Markets in Europe, which have been particularly sensitive to tensions in Ukraine, closed broadly lower.
The wave of selling came as President Biden warned that Russia, which is believed to have built up some 150,000 military forces near Ukraine’s borders, could invade within days. Dignitaries raced for solutions but suspicions between East and West only seemed to grow, as NATO allies rejected Russian assertions it was pulling back troops from exercises that had fueled fears of an attack.

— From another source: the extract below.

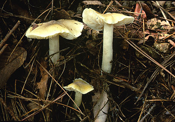 [特 徴] 傘は初め円錐形でのちには平らに開く。ただし中央部だけは突き出ている。地色は淡黄色で表面は暗緑褐色の繊維におおわれている。 ひだは初め白色で後にはやや黄色味をおびる。並び方は密から疎まで変化に豊み、柄に湾生する。柄は白色から淡黄色。 |
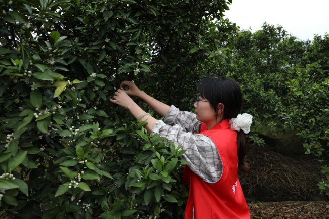 图为“香溢”志愿者帮忙摘橘花。

“We’re still at this level of inflation that is high and concerning,” said Tom Martin, senior portfolio manager with Globalt Investments. “Add on to that the uncertainty of what’s going on in Russia and Ukraine and you have some folks who just want to sit it out.”
The S&P 500 fell 94.75 points to 4,380.26. The index is now 8.7% below the all-time high it set Jan. 3. The Dow slid 622.24 points, or 1.8%, to 34,312.03, while the tech-heavy Nasdaq lost 407.38 points to 13,716.72.

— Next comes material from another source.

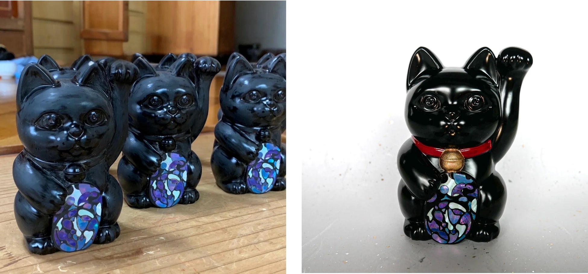 能登半島地震においても日本を代表する漆器の産地である輪島が被災し約1000人いた職人のうち約8割が地域外に流出してしまいました。このManeki Nekoを製造している高岡でも、漆器の職人は数えるほどしかおらず、地域の伝統的ないくつかの技法はすでに再現が困難になっております。

Small-company stocks also fell broadly. The Russell 2000 index gave up 51.22 points, or 2.5%, to 2,028.09.
Markets have been unsettled all week by tensions in Ukraine, and the potential for a military conflict in Europe has made for volatile trading in energy markets. Russia is a major energy producer and a military conflict could disrupt supplies and jolt markets. U.S. crude oil prices fell 2%, while the price of natural gas fell 4.9%.
If Russia invades Ukraine and the U.S. and the West respond with economic sanctions, that could impede access to about 7% of the global energy market, Martin said.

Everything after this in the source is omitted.